I'm in the same boat with respect to my IPv4 resources and I still disagree with you about authority.
The DoC involvement at this point is largely a historical fluke more than a meaningful authority over the
address space or the policies that govern it.
I think that if USDoC attempted to instruct APNIC or any of the other non-ARIN RIRs in what they should
do with IPv4 policy, you would see them tell the USDoC that it is a very nice thing that there are borders.
> I don't understand the paragraph that begins with the word second, but I would like to, could it be rephrased?
I believe he refers to the fact that initially, number policy was the realm of a single person (Jon Postel) who
later worked to create a structure under which that authority could be delegated specifically for the purposes
of territorial diversity and regional self-governance.
> I understand that you support the concept of regionality, but there are those pesky legacy addresses to consider, and they were allocated in a pre-regional Internet.
Not entirely and not so pesky. Each of them have been regionalized already and each RIR has their
fraction of legacy resources for which they are responsible. Though they were allocated prior to
regions, that is rather irrelevant. Much as the creation of the continents occurred prior to national
boundaries is rather irrelevant to the fact that we now have national boundaries. Much as the
fact that national boundaries as they existed in 487 A.D. are now largely irrelevant to current
national boundaries other than as a historical context.
> Would you consider that legacy addresses, at the least, should be portable to an alternate registry?
No. An alternate registry system does nothing to improve the situation for the address
using community and only serves to increase confusion, decrease stability and otherwise
incorporate motivations other than community consensus into the policy process.
> ----- Original Message ----- From: "Eric Brunner-Williams" <ebw at abenaki.wabanaki.net>
> To: <arin-ppml at arin.net>
> Sent: Monday, May 02, 2011 1:39 PM
> Subject: Re: [arin-ppml] Accusation of fundamental conflictof interest/IPaddress policy pitched directly to ICANN
>> On 5/2/11 9:27 AM, Mike Burns wrote:
>>> The authority flows down from the US Dept of Commerce.
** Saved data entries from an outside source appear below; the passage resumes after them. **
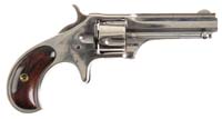 FRANCOTTE LITTLE PET DBL BBL DAMASCUS HAMMER SHOTGUN. Cal. 12 mm. NSN. Tiny dbl with 24″ Damascus bbls, tapered matted rib with sgl bead, doll’s head extension, dbl lug with extractors. Chambers appear to be about 1″. Rib is marked “AUGUSTE FRANCOTTE LIEGE”. It is mounted in highly figured French walnut with a tiny semi-schnable tipped checkered forearm & round knob stock, 12-3/4″ over a hard rubber buttplate with partridge in the center. Lockplates are marked “LITTLE PET” on each side & have scattered flourishes of arabesque pattern engraving on each side, on the receiver & trigger guard. Drop at the heel 2-3/4″, drop at the comb 1-1/2″. Weight: 3 lbs. 2.6 oz. CONDITION: Very fine. Bbls retain most of their orig brown Damascus pattern with slight muzzle wear and a couple of cleaned spots on the right side. Receiver & lockplates retain traces of case colors in the sheltered areas with the balance turned silver. Stock has a couple of tiny chips back of the top tang, otherwise the wood is sound with light nicks & scratches and retains most of its orig varnish finish. Mechanics are fine, bright shiny bores with some fine pitting in front of the chambers. 8-87365 (2,750-3,750)
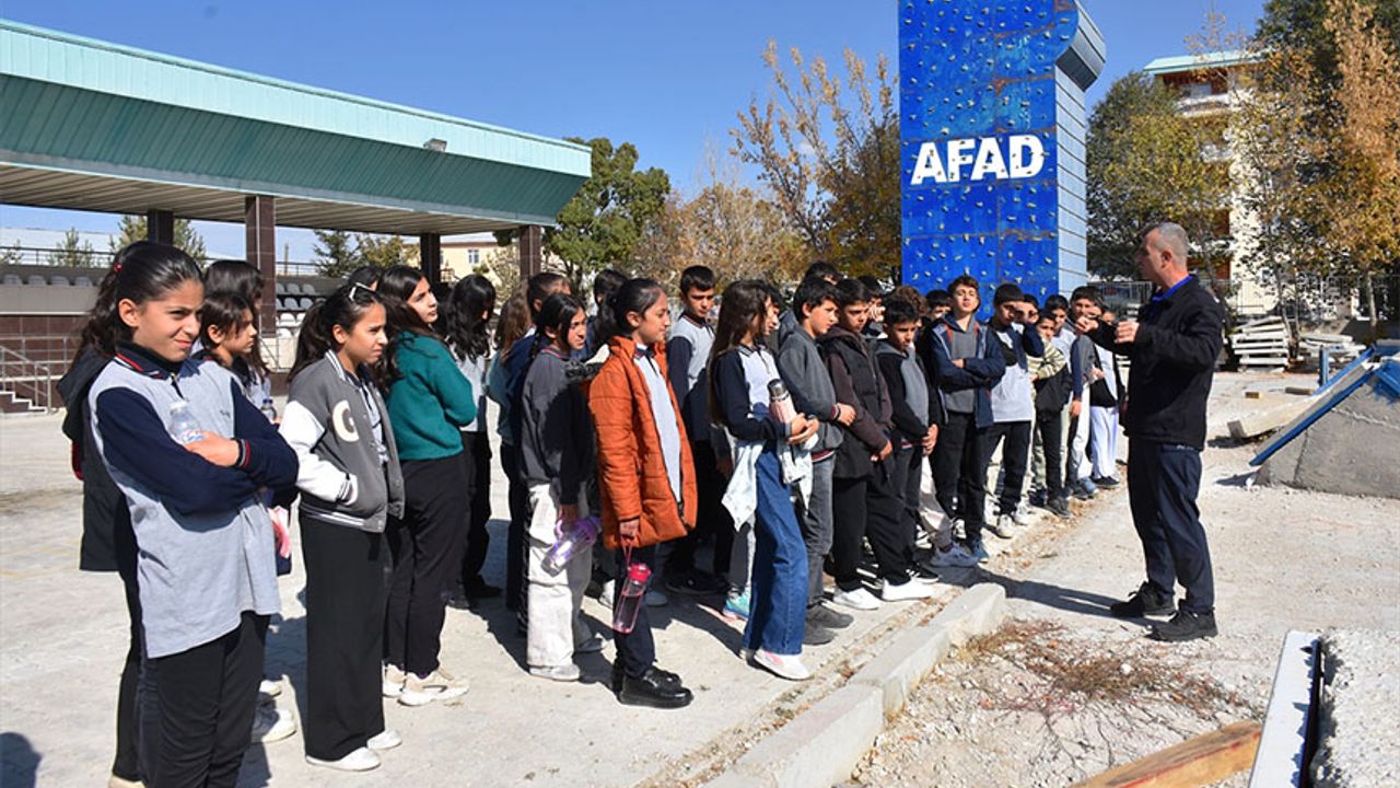 AFAD görevlilerinin nezaretinde tatbikat alanlarını gezen öğrenciler, deprem sırasında doğru davranış şekilleri, acil durum çantası hazırlama ve güvenli toplanma alanları hakkında bilgilendiriliyor.
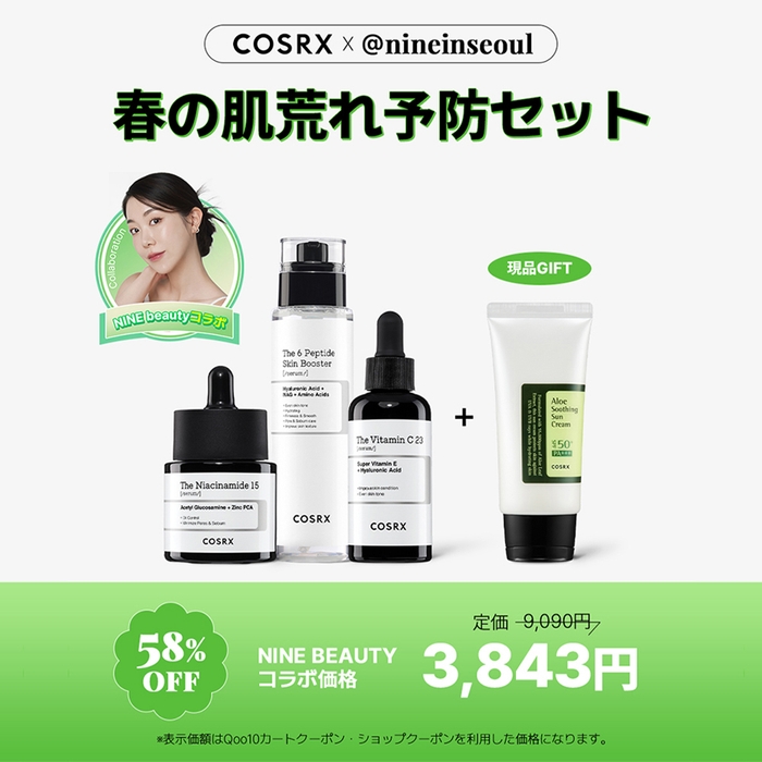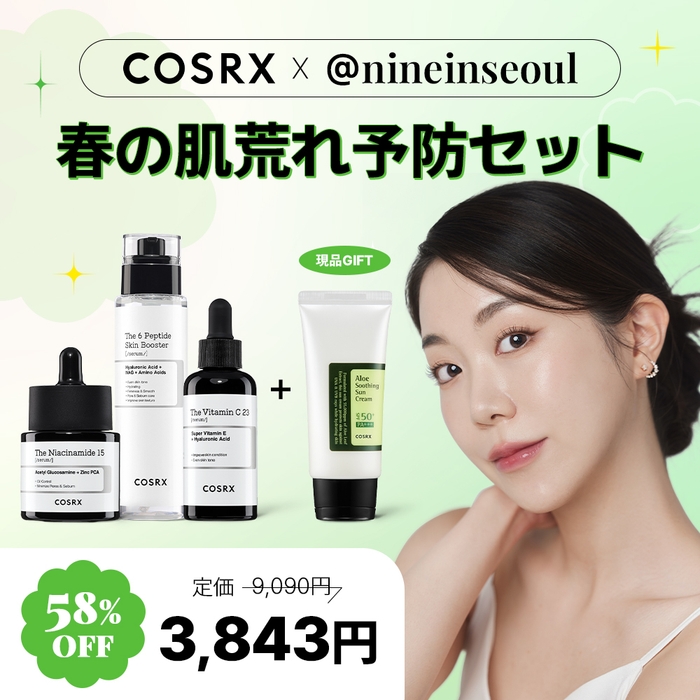 人工香料を使用せず、お肌に必要な成分だけを最大限有効に配合し、敏感な肌にもお使いいただけるダーマスキンケアブランドCOSRXより、乾燥や肌荒れが気になる方のために韓国在住美容インフルエンサーとして日本で大人気を集めている”Nine beauty”さんとのコラボセット「春の肌荒れ予防セット」を企画しました。

It doesn't go
>>> from there to the RIRs and back up to ICANN.
>> what statutory authority?
>> i see two possible errors in mike's response to owen, john, etc.
>> first, he characterizes the iana function as an institutional actor, and thereby a "higher authority", rather than as a function currently contained within a set of functions in, or added to, the contract now the subject of review by the department of commerce. see the federal register of february 25th for the notice of inquiry.
>> second, in an error more generally shared than this specific context, he removes the specific purposes of diversity of territorial jurisdiction and scaling for the initial reformation of the "numbers czar" function to one which permits delegation, creating the rir responsibilities.
>> these historic purposes are not modernly inoperative, nor replaced without risk by a novel aterritorial responsibility serving no diversity of territorial or scaling interests, however beneficial such a grant of franchise may be to the recipient.